I have a data frame that looks like the following (last column shown w/result that I want to get to):
timestamp first_actual first_required location first_initial_pass first_final
2019-05-03T06:00:00.000Z 3.125 0.000 10B 1.0 1.0
2019-05-03T18:00:00.000Z 2.975 0.000 10B 1.0 1.0
2019-05-04T06:00:00.000Z 2.825 0.000 10B **0.5 1.0**
2019-05-04T18:00:00.000Z 2.675 0.000 10B 0.0 0.0
2019-05-05T06:00:00.000Z 2.525 0.000 10B **0.5 0.0**
It's sorted by location and time stamp. The column 'first_initial_pass' results in three possible outcomes (0; 0.5; 1) based on some rules using columns 'first_actual' and 'first_required'. I am trying to generate a new column (shown here as first_final) that will copy over the value from column 'first_initial_pass' except for instances where that value is 0.5.
In instances where the value of first_initial_pass is 0.5, that value needs to change to either 0 or 1 in column 'first_final'. It should change to 1 iff the values in both of the two rows above the current row have a value of 1, otherwise it should change to 0 (changes I want to see are noted with asterisks in the data frame).

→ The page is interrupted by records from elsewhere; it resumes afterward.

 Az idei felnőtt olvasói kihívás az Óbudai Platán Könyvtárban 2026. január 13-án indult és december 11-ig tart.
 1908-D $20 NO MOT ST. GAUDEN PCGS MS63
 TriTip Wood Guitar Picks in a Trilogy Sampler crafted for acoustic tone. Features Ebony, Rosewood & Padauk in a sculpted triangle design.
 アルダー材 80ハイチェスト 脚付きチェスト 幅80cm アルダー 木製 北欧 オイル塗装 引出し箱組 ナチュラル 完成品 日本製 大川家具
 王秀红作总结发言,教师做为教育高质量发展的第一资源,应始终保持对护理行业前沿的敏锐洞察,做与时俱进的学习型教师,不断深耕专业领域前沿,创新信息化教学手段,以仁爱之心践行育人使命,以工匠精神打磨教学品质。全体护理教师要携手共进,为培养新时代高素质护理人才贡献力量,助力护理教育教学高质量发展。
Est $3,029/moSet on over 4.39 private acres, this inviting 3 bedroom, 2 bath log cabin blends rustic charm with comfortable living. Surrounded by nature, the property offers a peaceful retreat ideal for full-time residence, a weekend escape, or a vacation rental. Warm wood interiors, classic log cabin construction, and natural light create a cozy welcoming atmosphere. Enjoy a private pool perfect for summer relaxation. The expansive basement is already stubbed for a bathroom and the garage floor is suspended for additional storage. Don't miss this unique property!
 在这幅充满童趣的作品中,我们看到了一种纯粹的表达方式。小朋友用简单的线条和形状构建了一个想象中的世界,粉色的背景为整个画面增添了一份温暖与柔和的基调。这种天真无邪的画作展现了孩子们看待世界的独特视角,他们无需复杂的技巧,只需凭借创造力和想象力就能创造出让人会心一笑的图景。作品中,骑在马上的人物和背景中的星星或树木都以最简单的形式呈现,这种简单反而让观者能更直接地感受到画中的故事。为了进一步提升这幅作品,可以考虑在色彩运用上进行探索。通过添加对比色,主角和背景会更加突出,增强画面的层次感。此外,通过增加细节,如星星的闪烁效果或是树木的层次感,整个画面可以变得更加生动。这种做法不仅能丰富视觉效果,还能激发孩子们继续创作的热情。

I am trying to use the shift function to specify these conditions as follows:
data_sorted.loc[( (data_sorted[data_sorted['first_initial_pass'] == 0.5]) &
(data_sorted['first_initial_pass'].shift(1) == 1) &
(data_sorted['first_initial_pass'].shift(2) == 1) ), 'first_final'] = 1
However, I get the following error: "TypeError: cannot compare a dtyped [float64] array with a scalar of type [bool]", so then I try leaving the bollean piece out like this:
data_sorted.loc[(
(data_sorted['first_initial_pass'].shift(1) == 1) &
(data_sorted['first_initial_pass'].shift(2) == 1) ), 'first_final'] = 1
However, then the rows do not change like I need them to (meaning for just rows that have 0.5 as the value under first_initial_pass column.
Would appreaciate insight into what corrections I can make.